Task objective:
Starting with the line that contains "Från korridoren har", repeat each line exactly through the final line of the listing. No picture should appear in the copy.

Dataset content:
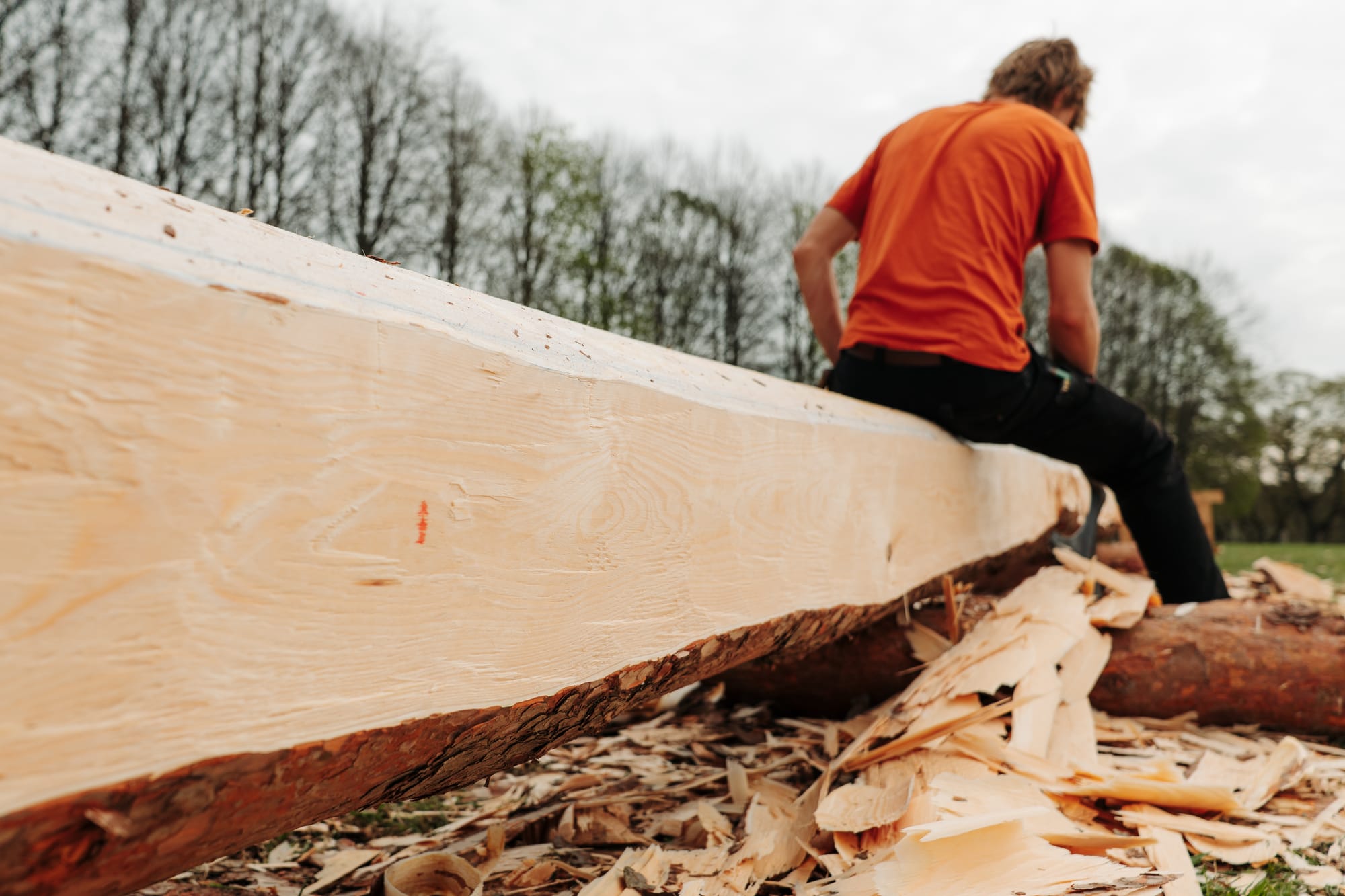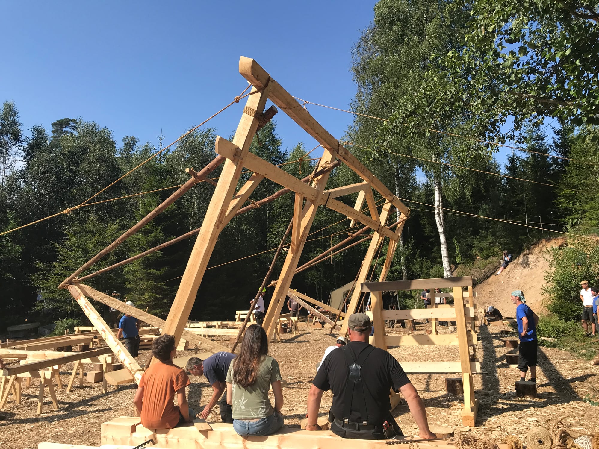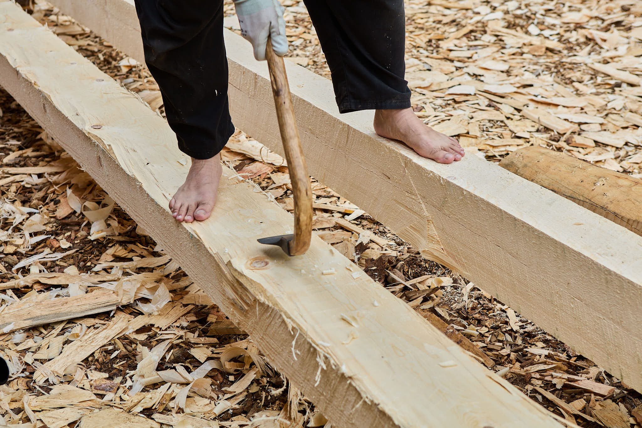 Den 3:e augusti drog det hela igång där alla hantverkare efter en kort introduktion drog fram sina yxor och kransågar och högg in på timret. Det var en blandning av fur och gran som var fällt i närområdet, och redan dag två i projektet kunde vi börja med att skarva ihop de franska låsen som användes i de europeiska högremsväggarna.
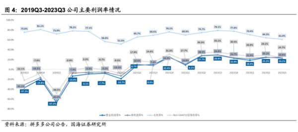 事实上,对 Temu 的大力投入已经开始拖累拼多多的业绩。财报显示,2023 年 Q3,拼多多毛利率为 61%,同比下降 18 个百分点,为 2021 年 Q2 以来最低点。
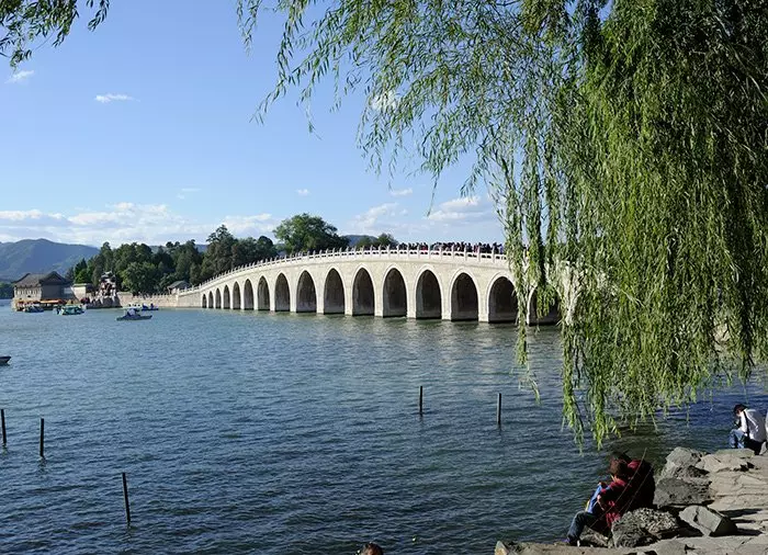 Från korridoren har du utsikt över Kunming-sjön och den lilla ön Nanhu, där Draktemplet och Wangyan-paviljongen ligger. Ön förbinds med fastlandet med den vackra 17 bågars bro. Att bron har 17 valv är naturligtvis ingen slump. Det nionde valvet i mitten symboliserar den kejserliga makten, och de åtta valven på bägge sidorna av den symboliserar lycka och välstånd.
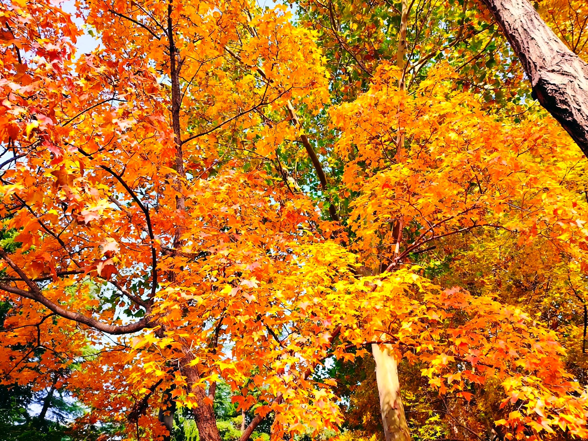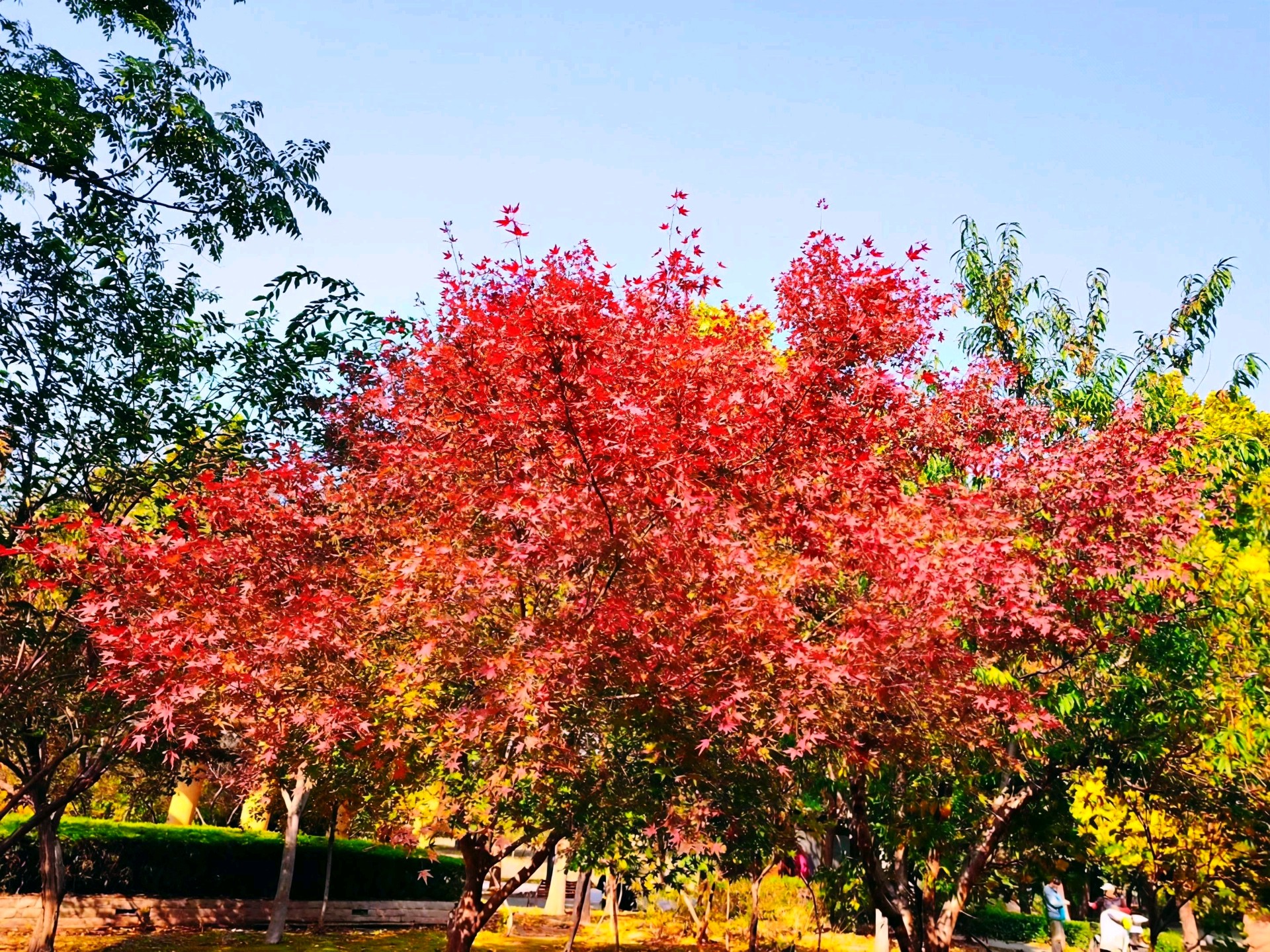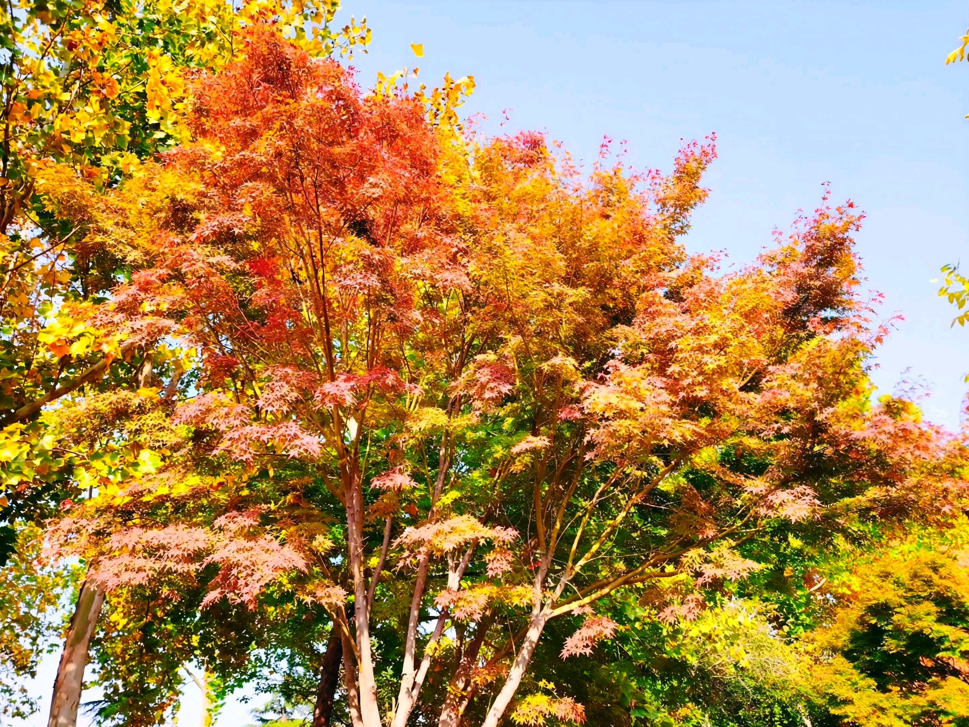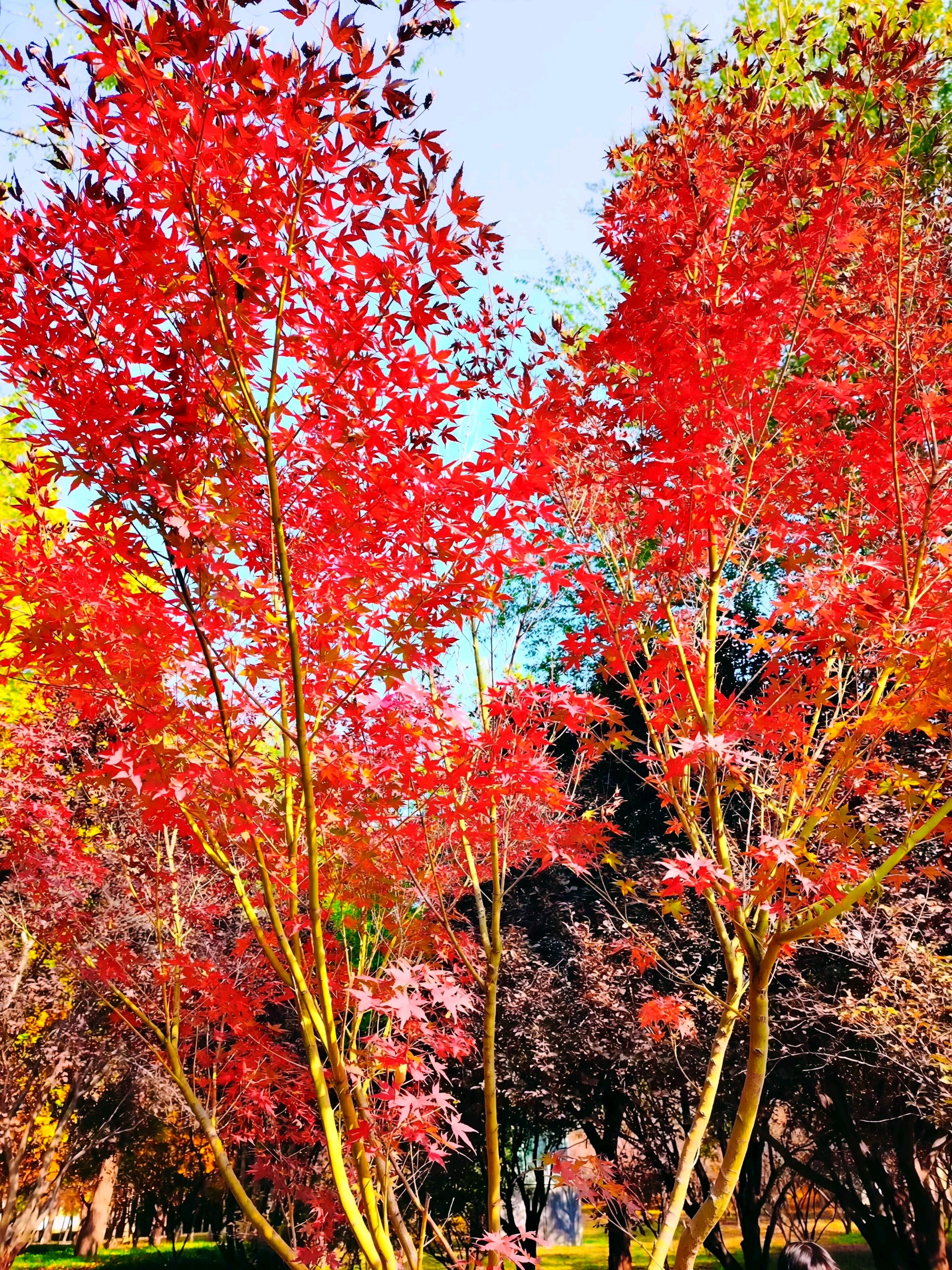 枫叶红了,像火焰一样燃烧着整个秋天。阳光透过树叶洒下金色的光芒,为这片景色增添了温暖和生机。快来感受这美丽的秋日吧!

Reply:
 Från korridoren har du utsikt över Kunming-sjön och den lilla ön Nanhu, där Draktemplet och Wangyan-paviljongen ligger. Ön förbinds med fastlandet med den vackra 17 bågars bro. Att bron har 17 valv är naturligtvis ingen slump. Det nionde valvet i mitten symboliserar den kejserliga makten, och de åtta valven på bägge sidorna av den symboliserar lycka och välstånd.
 枫叶红了,像火焰一样燃烧着整个秋天。阳光透过树叶洒下金色的光芒,为这片景色增添了温暖和生机。快来感受这美丽的秋日吧!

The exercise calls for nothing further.